Opt-in HDR10 (BT.2020 + PQ, 10-bit) streaming. Designed end to end; blocked at capture, not in our stack — the compositor doesn't emit a 10-bit/HDR PipeWire frame on any shipping build. Spiked + researched 2026-06-11 (memory: hdr-blocked-gamescope-pipewire); the downstream design is ready to build the moment a producer lands.

  • The wall — gamescope capture is 8-bit. gamescope composites HDR for a display (--hdr-enabled, --hdr-debug-force-output), but its PipeWire capture node offers only BGRx/ NV12 (8-bit) — confirmed by reading src/pipewire.cpp build_format_params() on upstream master AND the box's exact build (c31743d); color is capped BT.601/709. Issue #2126 ("pipewire: add HDR streams") is OPEN + unstarted (no PR). Forcing HDR output does not change the capture format.
  • PipeWire ≥1.6 is the other prerequisite (HDR colortype transport). Fedora 43 ships 1.4.x; Fedora 44 ships 1.6.6 — but Bazzite F44 deck-nvidia is testing-only (:stable is still F43; :testing has a confirmed NVIDIA Game-Mode crash). Rebasing now clears only the PipeWire wall while gamescope stays 8-bit → no-go for HDR; revisit a rebase when F44 promotes to stable (for its own sake), not for HDR.
  • The realistic route is KWin, not gamescope: KWin MR !8293 is a live draft adding HDR PipeWire capture. That pulls HDR onto the desktop (KWin) path — trading away gamescope's Steam-Deck-UI polish + the dynamic-resolution work (§ above). Track #2126 and !8293.
  • Constraints (settled): NVENC tops out at 10-bit → no Main12, no 12-bit AV1. HDR ⟹ HEVC Main10 (Apple VideoToolbox decodes 10-bit HEVC but not 10-bit AV1). Static HDR10 SEI (BT.2020-PQ default) since the compositor won't surface per-frame metadata. Opt-in negotiation via the Hello/Welcome trailing-byte pattern (SDR default; client declares HDR want; host master toggle).
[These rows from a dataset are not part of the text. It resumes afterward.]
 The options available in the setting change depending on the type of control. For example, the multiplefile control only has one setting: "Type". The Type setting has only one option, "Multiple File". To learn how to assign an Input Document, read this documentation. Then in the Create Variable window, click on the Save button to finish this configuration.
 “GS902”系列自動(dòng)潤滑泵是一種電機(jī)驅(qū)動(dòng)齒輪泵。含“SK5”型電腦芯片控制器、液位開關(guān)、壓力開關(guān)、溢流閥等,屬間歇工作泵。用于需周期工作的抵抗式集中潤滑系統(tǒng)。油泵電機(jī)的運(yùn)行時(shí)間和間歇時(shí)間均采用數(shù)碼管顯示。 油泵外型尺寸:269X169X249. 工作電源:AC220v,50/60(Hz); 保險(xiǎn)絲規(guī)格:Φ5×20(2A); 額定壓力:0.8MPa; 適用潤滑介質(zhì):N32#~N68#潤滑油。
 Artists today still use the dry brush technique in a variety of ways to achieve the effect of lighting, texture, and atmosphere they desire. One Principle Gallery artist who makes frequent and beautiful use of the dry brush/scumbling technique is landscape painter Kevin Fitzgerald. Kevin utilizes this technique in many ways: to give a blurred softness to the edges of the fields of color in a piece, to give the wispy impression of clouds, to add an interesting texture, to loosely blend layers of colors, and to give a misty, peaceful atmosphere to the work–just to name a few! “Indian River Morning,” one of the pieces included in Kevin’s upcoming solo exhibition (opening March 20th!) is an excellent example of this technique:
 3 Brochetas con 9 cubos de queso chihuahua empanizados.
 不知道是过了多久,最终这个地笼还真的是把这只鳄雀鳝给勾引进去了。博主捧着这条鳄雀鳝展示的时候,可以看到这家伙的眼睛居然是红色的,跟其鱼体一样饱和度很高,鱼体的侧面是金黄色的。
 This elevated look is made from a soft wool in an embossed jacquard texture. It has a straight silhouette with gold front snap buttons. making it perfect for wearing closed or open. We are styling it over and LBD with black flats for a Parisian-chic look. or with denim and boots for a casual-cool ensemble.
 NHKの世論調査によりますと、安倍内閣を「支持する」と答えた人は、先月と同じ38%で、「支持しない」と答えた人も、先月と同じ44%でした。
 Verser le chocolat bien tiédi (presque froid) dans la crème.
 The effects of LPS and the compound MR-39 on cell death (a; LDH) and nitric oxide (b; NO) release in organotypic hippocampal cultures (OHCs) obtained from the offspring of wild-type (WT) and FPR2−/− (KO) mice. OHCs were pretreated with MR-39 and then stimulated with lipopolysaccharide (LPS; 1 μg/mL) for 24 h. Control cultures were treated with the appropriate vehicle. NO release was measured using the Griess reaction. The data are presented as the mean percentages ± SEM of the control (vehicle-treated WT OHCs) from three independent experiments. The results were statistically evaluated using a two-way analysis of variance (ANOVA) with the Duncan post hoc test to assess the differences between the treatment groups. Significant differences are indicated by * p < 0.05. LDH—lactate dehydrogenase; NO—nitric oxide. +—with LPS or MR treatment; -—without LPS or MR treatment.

  • Downstream design (ready when capture unblocks): add P010 + ColorInfo to capture; 10-bit zero-copy import (GL_RGB10_A2/float dest for RGB10, or P010 straight through the Vulkan→CUDA path); hevc_nvenc -profile main10 + color/SEI metadata; opt-in Hello/Welcome + C ABI; Apple VideoToolbox Main10 decode + wantsExtendedDynamicRangeContent EDR present + SDR fallback.